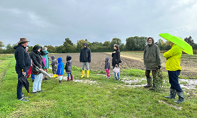 Am Vormittag hatte es noch kräftig geregnet. Nichtsdestotrotz ließen sich einige Hartgesottene die Gelegenheit nicht entgehen und kamen zur Führung über die Anbauflächen in Rödersheim.
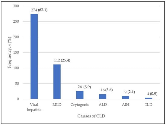 A total of 441 patients were included in our study, with the majority being elderly. The mean age of patients was 57.9 (SD12.1) years old. Most of the patients were male (65.1%), Malays (92.1%), and had a history of transfusion (54.9%). The most common causes of CLD in our center were due to viral hepatitis (62.1%), followed by metabolic liver disease (25.4%), cryptogenic liver disease (5.9%), and other causes, as shown in Figure 1. The details of descriptive data are illustrated in Table 1.
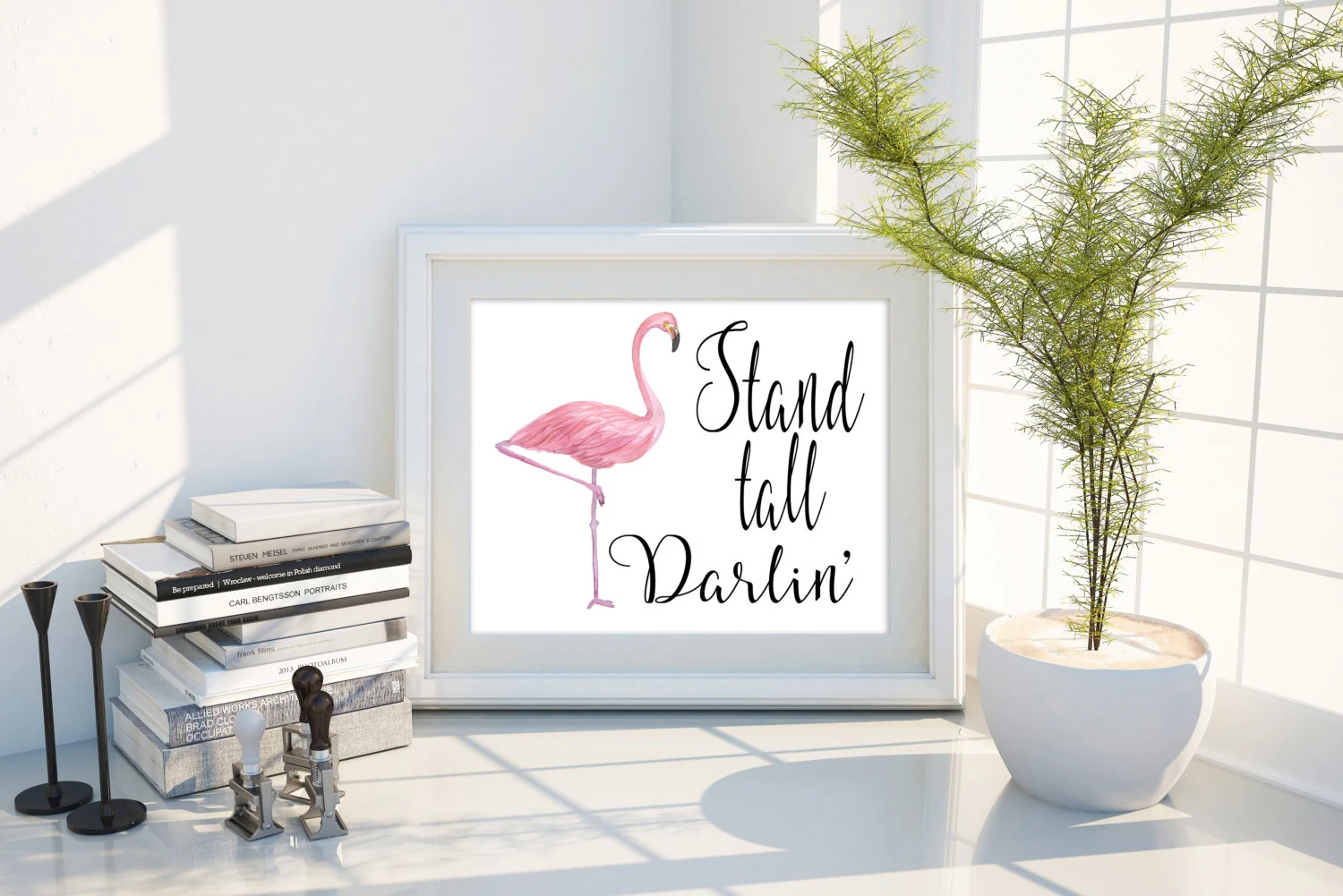 This watercolor pink flamingo wall art print with the quote “Stand Tall Darlin” will add a bit of southern charm to your decor and would look great in a little girl’s nursery or bedroom, any anywhere the ladies need a little inspiration and motivation.
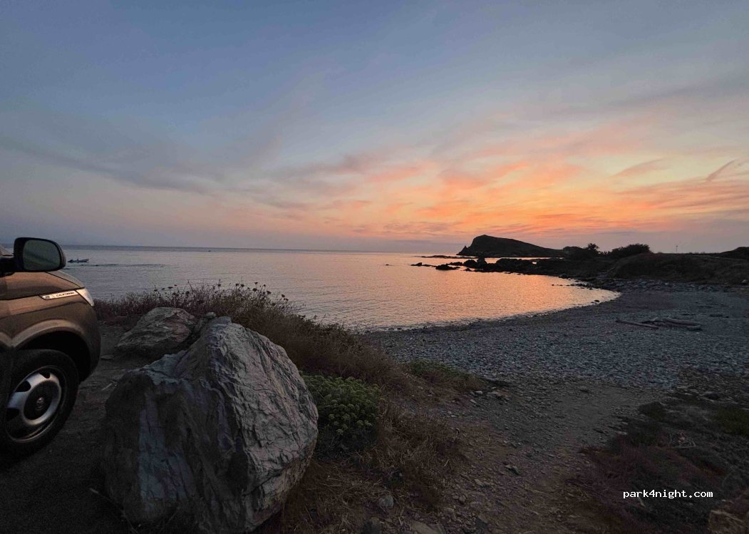 Endroit calme et en bord de mer, on y est resté 2 nuits, couché de soleil magnifique et à 5 min à pied du centre avec le port et les commerces. Quelques places possibles mais idéalement à 2 vans pas plus.
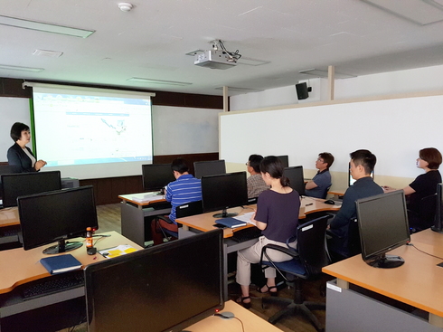 | 용인시가 환경개선부담금 담당 직원들을 대상으로 전자 압류 시스템 교육을 하고 있다. |
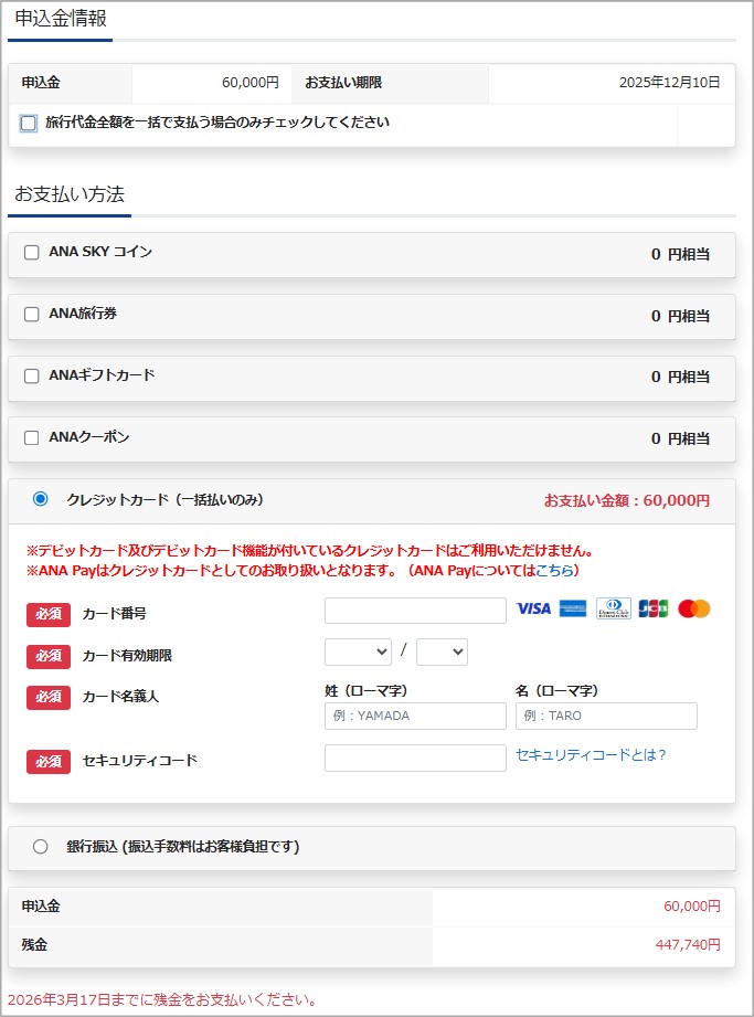 予約後のお客様氏名の変更はできませんので、入力時はパスポートと同一の情報を入力してください。 - お支払い方法の選択
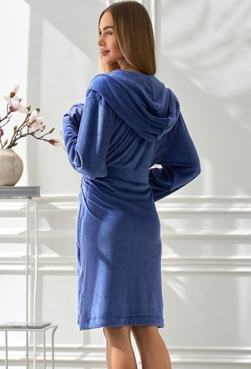 Стильный женский халат от польского бренда L&L. Халат выполнен из качественного, тонкого и мягкого трикотажа с фактурой в рубчик синего цвета, с длинными рукавами и капюшоном. Модель свободного силуэта и длиной выше колен, завязывается на запах с помощью пояса, по бокам расположены два удобных кармана. Халат очень красивый и комфортный, идеально подойдет для тихого утра, расслабленных вечеров и отдыха в выходные, а также может быть полезным подарком любимому и близкому человеку.
___
● Task requirements
In the records, the line containing "Endroit calme et" starts the span and the final line ends it. Output exactly that span, both ends included, with no pictures and nothing else.

● Output below
 Endroit calme et en bord de mer, on y est resté 2 nuits, couché de soleil magnifique et à 5 min à pied du centre avec le port et les commerces. Quelques places possibles mais idéalement à 2 vans pas plus.
 | 용인시가 환경개선부담금 담당 직원들을 대상으로 전자 압류 시스템 교육을 하고 있다. |
 予約後のお客様氏名の変更はできませんので、入力時はパスポートと同一の情報を入力してください。 - お支払い方法の選択
 Стильный женский халат от польского бренда L&L. Халат выполнен из качественного, тонкого и мягкого трикотажа с фактурой в рубчик синего цвета, с длинными рукавами и капюшоном. Модель свободного силуэта и длиной выше колен, завязывается на запах с помощью пояса, по бокам расположены два удобных кармана. Халат очень красивый и комфортный, идеально подойдет для тихого утра, расслабленных вечеров и отдыха в выходные, а также может быть полезным подарком любимому и близкому человеку.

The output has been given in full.